- _What you should do_: Below are records with pictures in them. Output exactly the lines from the one with "Obudowa kotła malowana na kolor szary" through the one with "規格:750g/8袋 * 2合 温度帯:冷凍 賞味期間:365日 商品CD:5597116", both included, and leave every picture out; give only those lines.

- _Given information_:

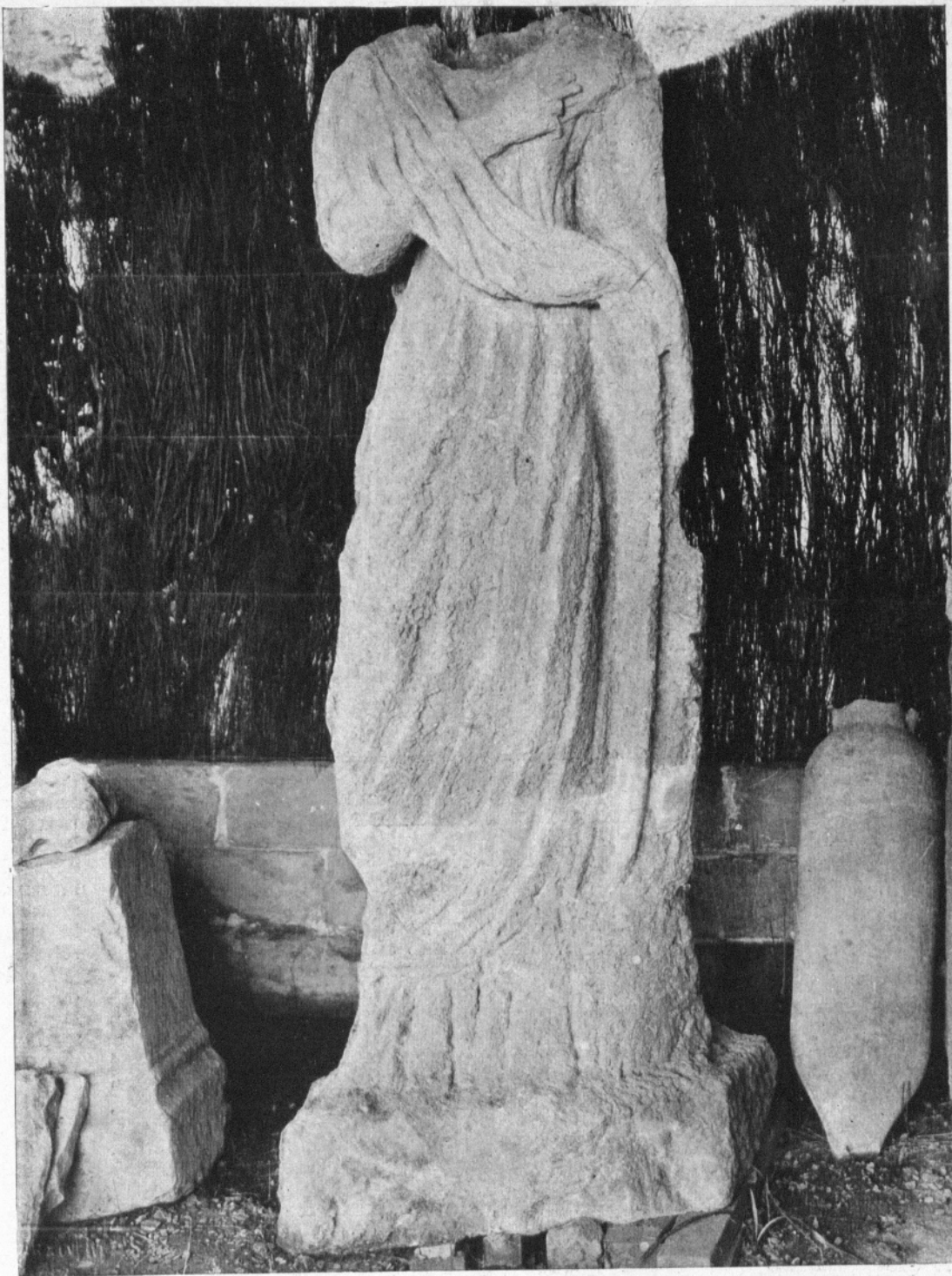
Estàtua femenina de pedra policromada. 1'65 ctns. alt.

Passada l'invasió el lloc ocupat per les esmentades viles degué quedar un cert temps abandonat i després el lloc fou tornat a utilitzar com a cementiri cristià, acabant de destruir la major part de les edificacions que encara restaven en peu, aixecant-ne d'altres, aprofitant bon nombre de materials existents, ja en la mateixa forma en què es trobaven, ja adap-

...

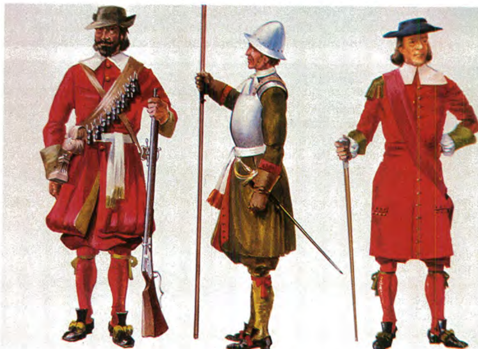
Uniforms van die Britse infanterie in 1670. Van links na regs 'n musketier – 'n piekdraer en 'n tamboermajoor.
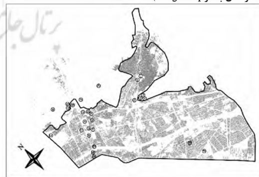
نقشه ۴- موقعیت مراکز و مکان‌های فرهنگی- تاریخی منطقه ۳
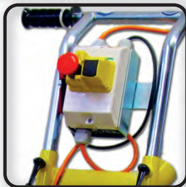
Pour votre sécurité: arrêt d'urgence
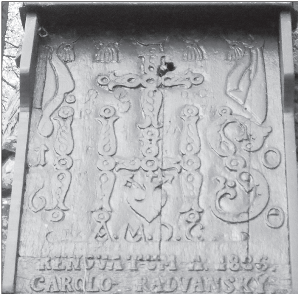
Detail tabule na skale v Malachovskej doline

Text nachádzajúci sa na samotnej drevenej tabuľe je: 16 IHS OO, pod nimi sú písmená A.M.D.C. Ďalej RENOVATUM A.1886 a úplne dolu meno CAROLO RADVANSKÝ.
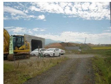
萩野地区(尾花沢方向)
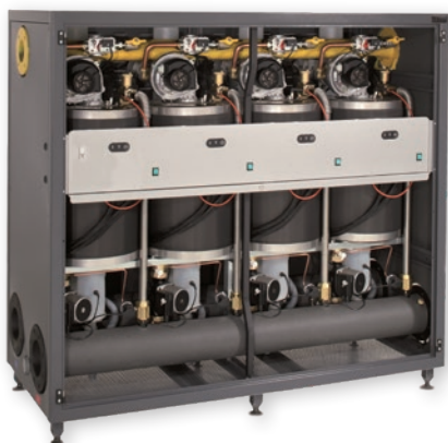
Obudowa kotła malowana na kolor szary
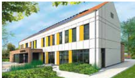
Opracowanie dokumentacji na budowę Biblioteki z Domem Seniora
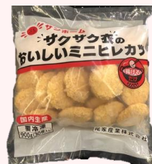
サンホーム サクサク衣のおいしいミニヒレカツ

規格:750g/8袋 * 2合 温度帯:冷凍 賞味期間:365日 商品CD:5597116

---

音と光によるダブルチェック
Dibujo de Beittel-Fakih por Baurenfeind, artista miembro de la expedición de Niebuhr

- _Result_:
Obudowa kotła malowana na kolor szary
Opracowanie dokumentacji na budowę Biblioteki z Domem Seniora
サンホーム サクサク衣のおいしいミニヒレカツ

規格:750g/8袋 * 2合 温度帯:冷凍 賞味期間:365日 商品CD:5597116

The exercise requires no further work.